Book of Records of Ukraine
- Founded: 2002
- Region served: Ukraine
- Chairman of the Editorial Board: Oleh Ivanenko
- General Director: Hanna Krysyuk
- Director: Ihor Pidchibiy
- Staff: 8 people
- Website: record.org.ua

= Book of Records of Ukraine =

Book and publication listing Ukrainian records

Book of Records of Ukraine is a project and trademark under which records and achievements in Ukraine are documented. It is owned by the company LLC «Ukrimage». Record registration is conducted on both a paid and free basis.

The project is a partner of the international «Book of Guinness World Records». However, unlike the latter, the «Book of Records of Ukraine» does not register «silly» or dangerous records.

Despite its name, the records registered by the project are not published in book form.

== History ==
The project was initiated in 2002 when Oleksiy Svystunov, the owner of the «Book of Records of Russia», approached Ihor Pidchibiy with a request to help register a dishwashing record. In 2002, Ihor Pidchibiy and his colleagues registered the copyright for the work «National Presentation-Image Project ‘Book of Records of Ukraine’», and in 2004, they registered the trademark «Book of Records of Ukraine».

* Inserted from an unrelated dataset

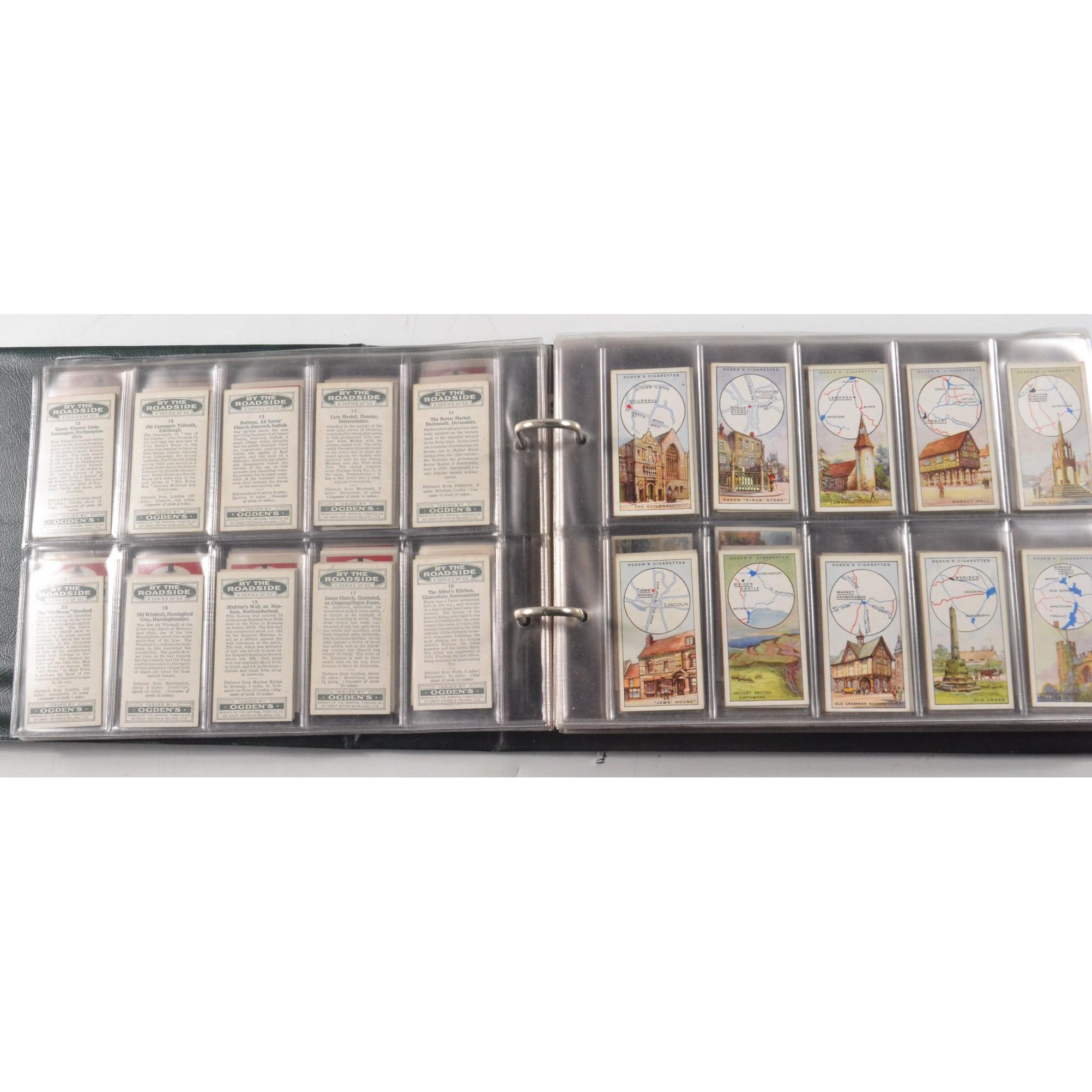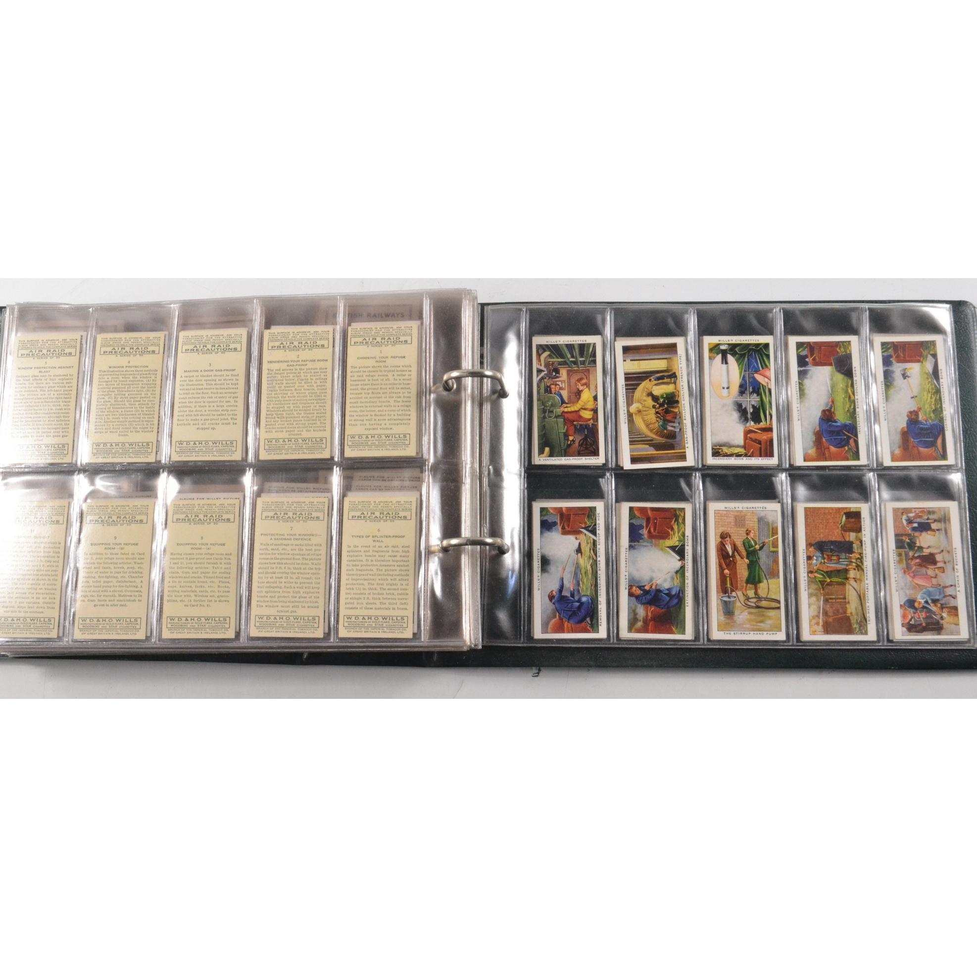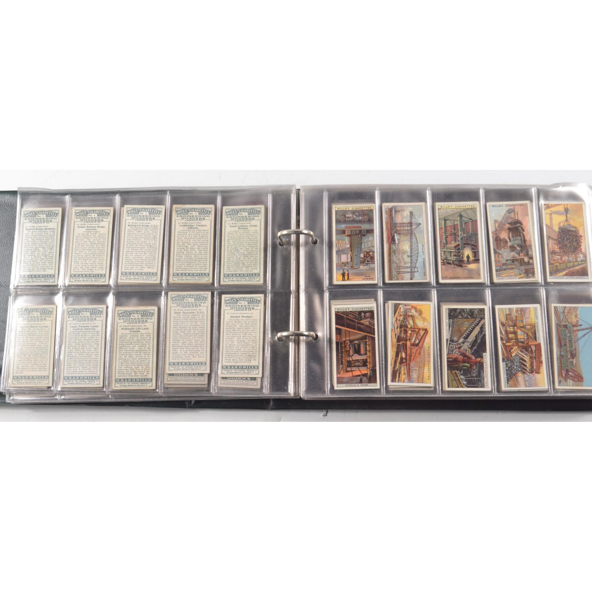 Large (over 550) Vintage collection of cigarette badges in a bound clip folder with plastic sleeve individual pockets of 10 cards per sleeve(one series 6 cards per sleeve), Military Uniforms by CRAVEN x 50 cards, By The Roadside issued by OGDENS x 50 cards, Engineering Wonders issued by WILLS x 50 cards, Our King & Queen issued by WILLS x 50 cards, British Railways issued by SENIOR SERVICE x 48 in sleeves of 6 cards, also Railway Equipment issued by WILLS qty 50 cards and lastly Air Raid Precautions issued by WILLS qty 50 cards and lastly a set of Military Aircraft issued by WILLS x50 cards approx

The first record registered by the «Book of Records of Ukraine» was the creation of a 10-meter-long tuxedo by designer Mykhailo Voronin. As of 2012, the project had registered over 1,500 records, some of which were published on the project's website. By 2018, the number of registered records reached 20,000.

Initially, the project paid honorariums to record holders, but this practice was later discontinued.
== Competition with the «National Register of Records» ==
The emergence of the «National Register of Records of Ukraine» in 2010 was perceived by the «Book of Records of Ukraine» team as an illegal copying of their activities and a violation of their copyrights.